US Ski Team members celebrate the end of the Tour de Ski in Italy. Photo courtesy of U.S. Ski Team

It was a day of guts and glory for Alaska skiers on global and national stages Sunday.

The guts: Rosie Brennan, Scott Patterson and Zanden McMullen completed the most brutal race in the most brutal of cross-country ski series, surviving the climb up an alpine ski slope in the final competition of the Tour de Ski in Val di Fiemme, Italy.

The glory: Luke Jager captured victory in the men’s classic sprint race in a Super Tour event that marked the end of a week’s worth of action at Utah’s Soldier Hollow. Prior to Sunday, skiers vied for national championships in three races.

Jager was among three Alaskans who claimed medals in U.S. championship races.

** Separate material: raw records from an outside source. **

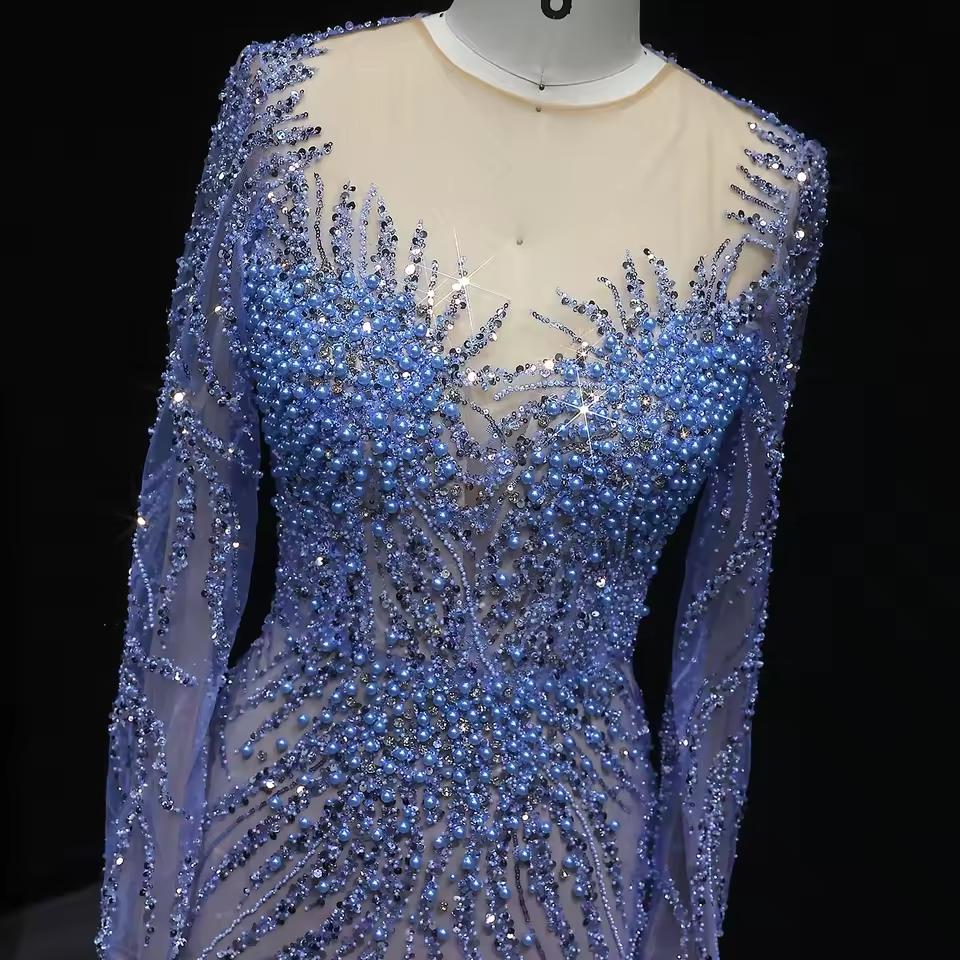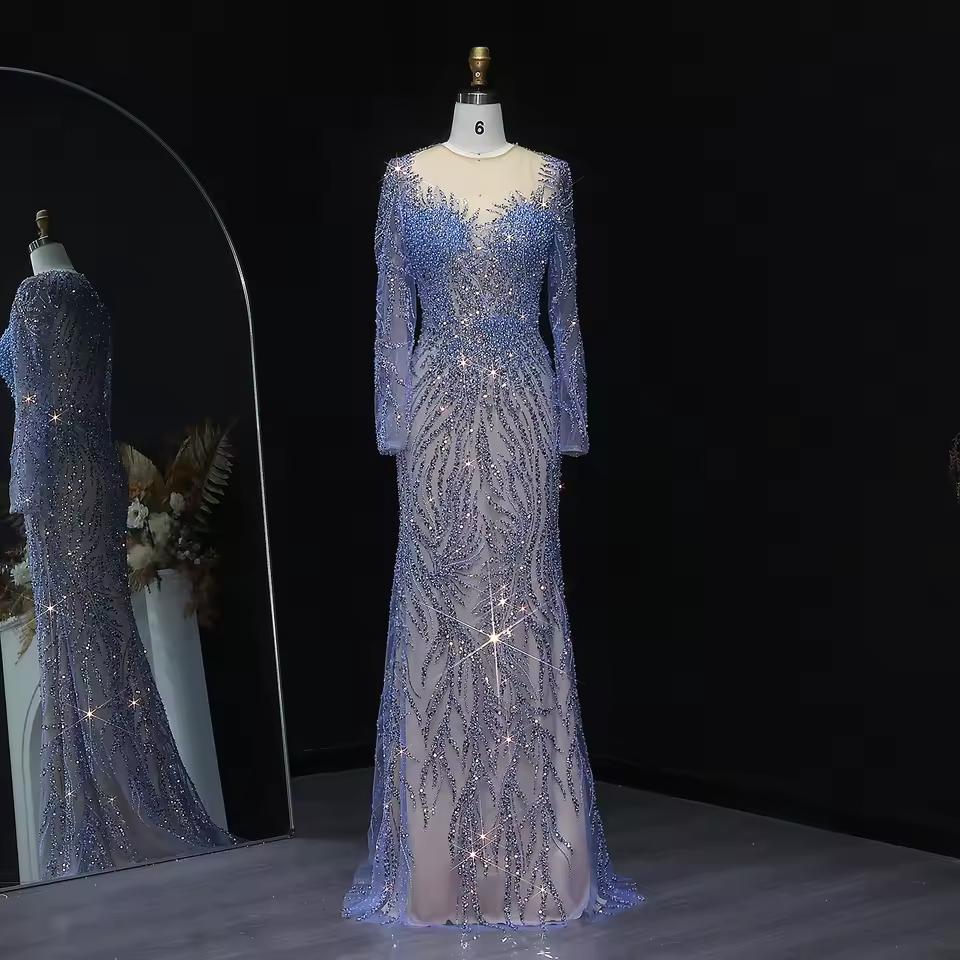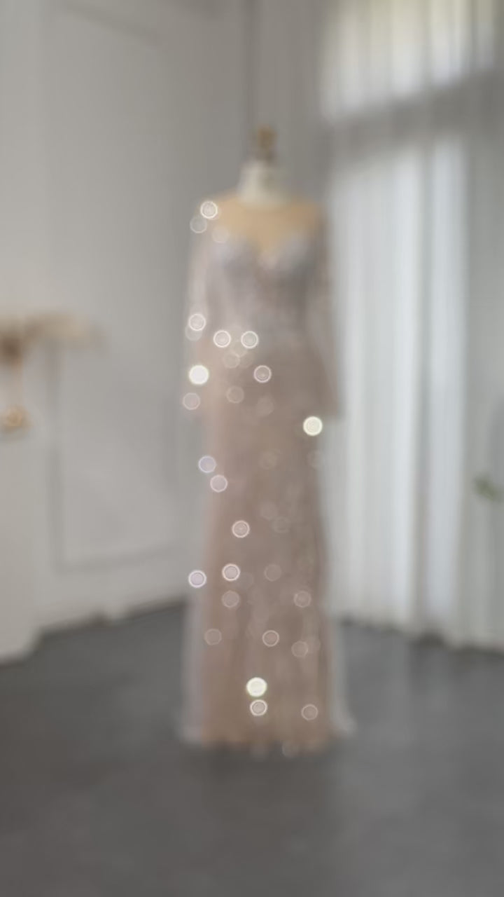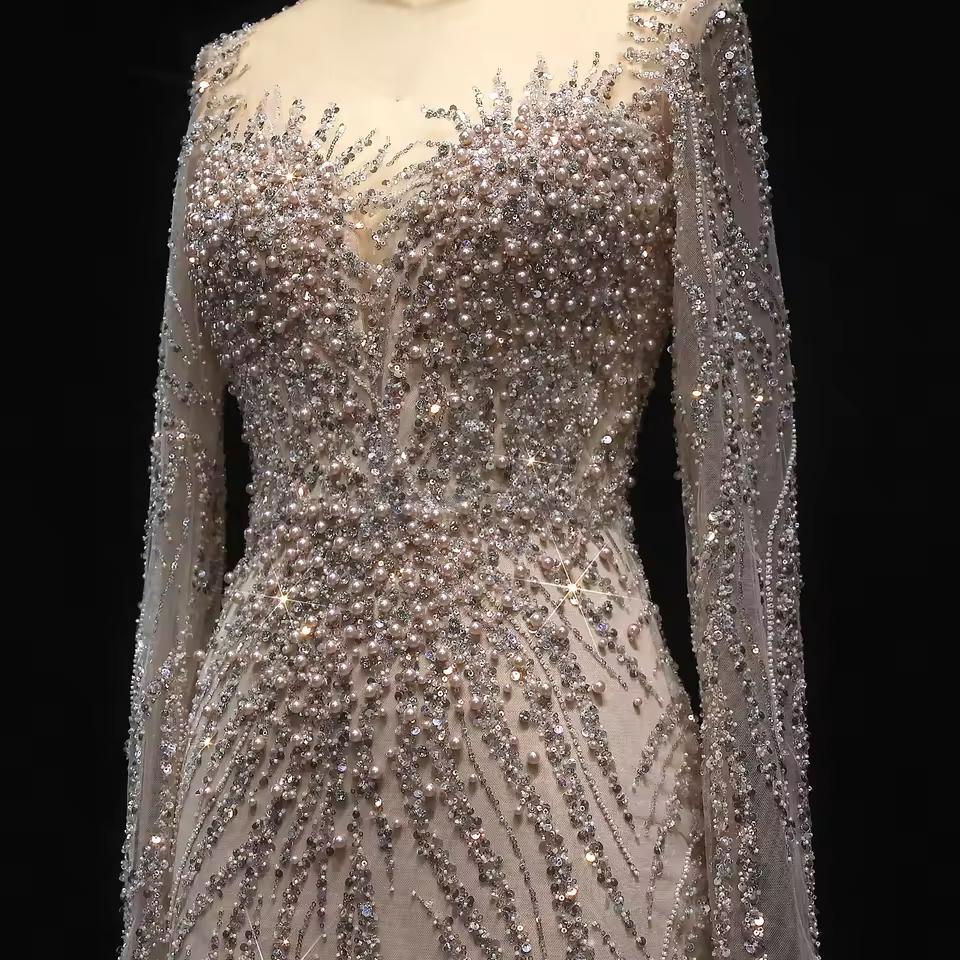 Luxury Dubai White Nude Mermaid Evening Dresses Long Sleeve SS684
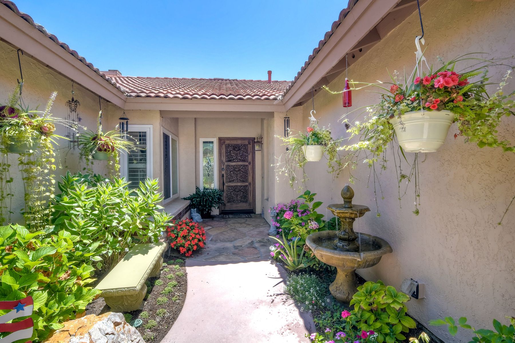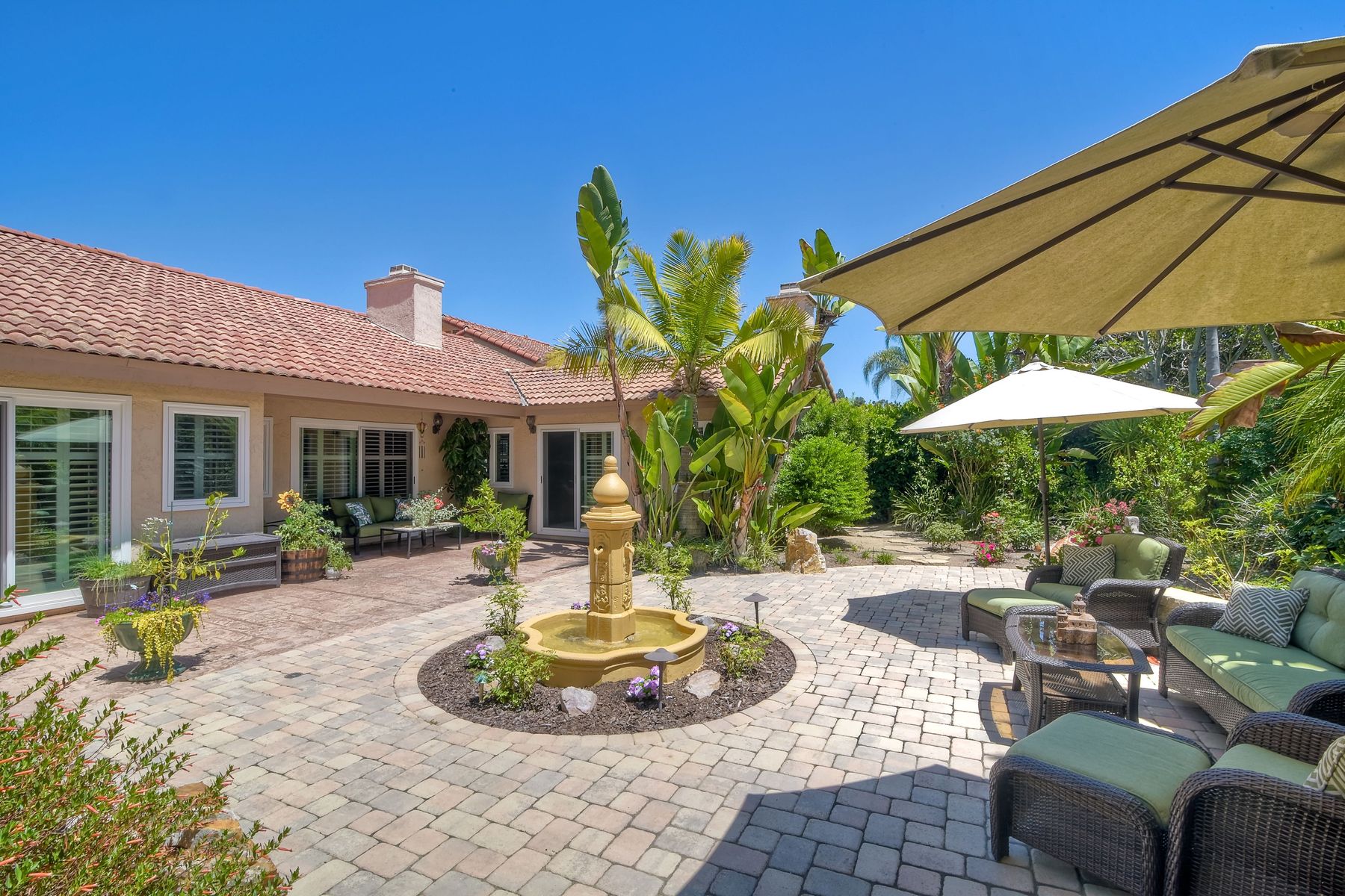 Spectacular remodeled single level home in one of the finest neighborhoods in Shadowridge! Agents...don't miss this home! Dramatic courtyard entrance with Brazilian Mahogony custom wood carved front door! Upgraded kitchen with stainless appliances, cherrywood cabbinetry, convection ovens, vaulted ceilings,Permitted family room with 2 gas fireplaces, stunning private backyard with a beautiful centerpiece fountain! Plantation shutters- Approx. $275K in upgrades!! A turn key home your buyers will Love!! Rarely on market! Fabulous single level in one of the finest neighborhoods in Shadowridge. Meticulously maintained is turn key and ready to move in. Property shows pride of ownership starting with a courtyard entrance and a Brazilian Mahogany custom carved front door! Inside find remodeled kitchen and baths, (cast iron soaking tub in master!) walk-in closet, cherrywood cabinetry, stainless appliances, spacious floorplan, permitted family room addition with gas fireplace opening out into a very private backyard with a centerpiece fountain-this is a must see-buyers will not be disappointed!!. Neighborhoods: Shadowridge Equipment: Garage Door Opener Other Fees: 0 Sewer: Sewer Connected Topography: LL
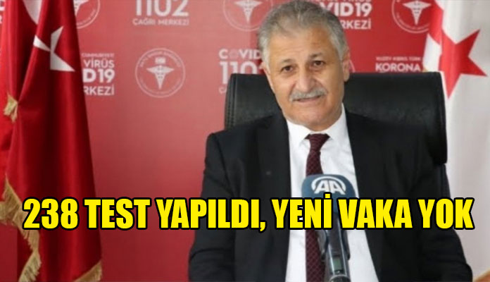 Sağlık Bakanı Dr. Ali Pilli, son 24 saatte yapılan test sayısının 238 olduğunu, pozitif vakaya rastlanmadığını açıkladı.
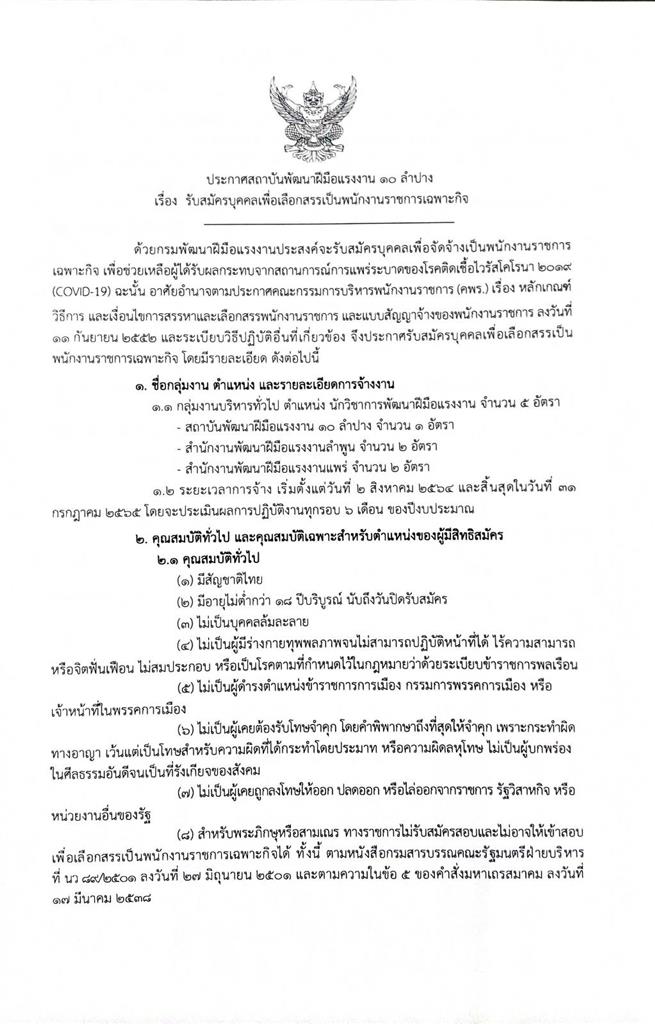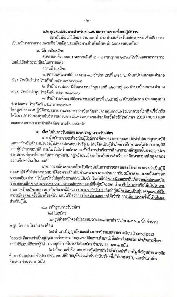 รับสมัครบุคคลเพื่อเลือกสรรเป็นพนักงานราชการเฉพาะกิจ ตำแหน่ง นักวิชาการพัฒนาฝีมือแรงงาน อัตราว่าง 2 อัตรา

He took gold and David Norris won bronze in the men’s 10-kilometer classic race on Tuesday, and Kendall Kramer earned silver in the women’s 20-kilometer freestyle race on Friday.

In Italy, Brennan, Patterson and McMullen — all members of Alaska Pacific University’s ski club — were among 53 men and 30 women still standing at the end of the Tour de Ski, an arduous challenge with seven races in nine days that takes skiers from Italy to Switzerland to Italy again.

The series started with 169 of the world’s best skiers – 99 men and 70 women – but daily withdrawals winnowed the field.

The big news of the day was Sophia Laukli’s win in the Tour’s most famous race, a 10-kilometer freestyle that ends with a steep climb up the Alpe Cermis alpine ski slope. The race gains 1,400 feet in the final four kilometers.

Laukli, a 23-year-old from Maine, is a dual-sport athlete whose trail-running resume includes triumphs in Alaska’s Bird Ridge hillclimb and the Alyeska Cirque race.

She placed third in the Alpe Cermis race last year, and she demonstrated her comfort on mountains Sunday by winning in 38 minutes, 16.9 seconds for a 17-second margin of victory.

Minnesota’s Jessie Diggins placed sixth to secure the overall Tour title of her career. Diggins, 32, built a big lead in the Tour standings by winning one race and finishing third in three others.

Brennan placed 12th in Sunday’s race and 12th overall. Her best results were second place in the 20K classic pursuit race in Davos, Switzerland, and fourth place in the 10K classic race in Toblach, Italy.

In the men’s race up Alpe Cermis, McMullen placed 36th and Patterson 42nd. They were both more than three minutes off the winning pace of 33:00.7 set by France’s Jules LaPierre.

McMullen and Patterson were the only two American men to complete the Tour. Patterson finished 26th in the overall standings and McMullen was 36th.

The top result by an Alaska man came from Gus Schumacher of APU, who posted a career-best fourth-place finish in the classic sprint in Toblach — the fourth race of the series. He dropped out the next day because of illness.

At Soldier Hollow, the next tier of U.S. skiers competed throughout the week for national championships in three events and for Super Tour points in Sunday’s classic sprint.

Luke Jager

Sunday belonged to Jager, who started the season in Europe on the World Cup tour with the U.S. Ski Team. He crushed Sunday’s qualifying with the fastest time by 5.81 seconds — a huge margin in a sprint race.

He went on to win the finals by more than four seconds.

Jager was joined in the six-man finals by APU teammate Michael Earnhart, who grabbed the bronze medal, and UAA’s Peter Hinds, who placed sixth. In all,14 Alaskans advanced to senior-division quarterfinals.

For Earnhart, 21, third place was a nice consolation prize after coming close to the podium in two national championship races. He finished fourth in the freestyle sprint and was the fourth American, and fifth overall, in the 20K free.

On Friday, 21-year-old Kendall Kramer of Fairbanks collected the first U.S. championship medal of her career by grabbing second place in the 10K freestyle. Skiing for UAF, Kramer finished 6.3 seconds behind winner Haley Brewster of the University of Vermont, who clocked 54:37.2.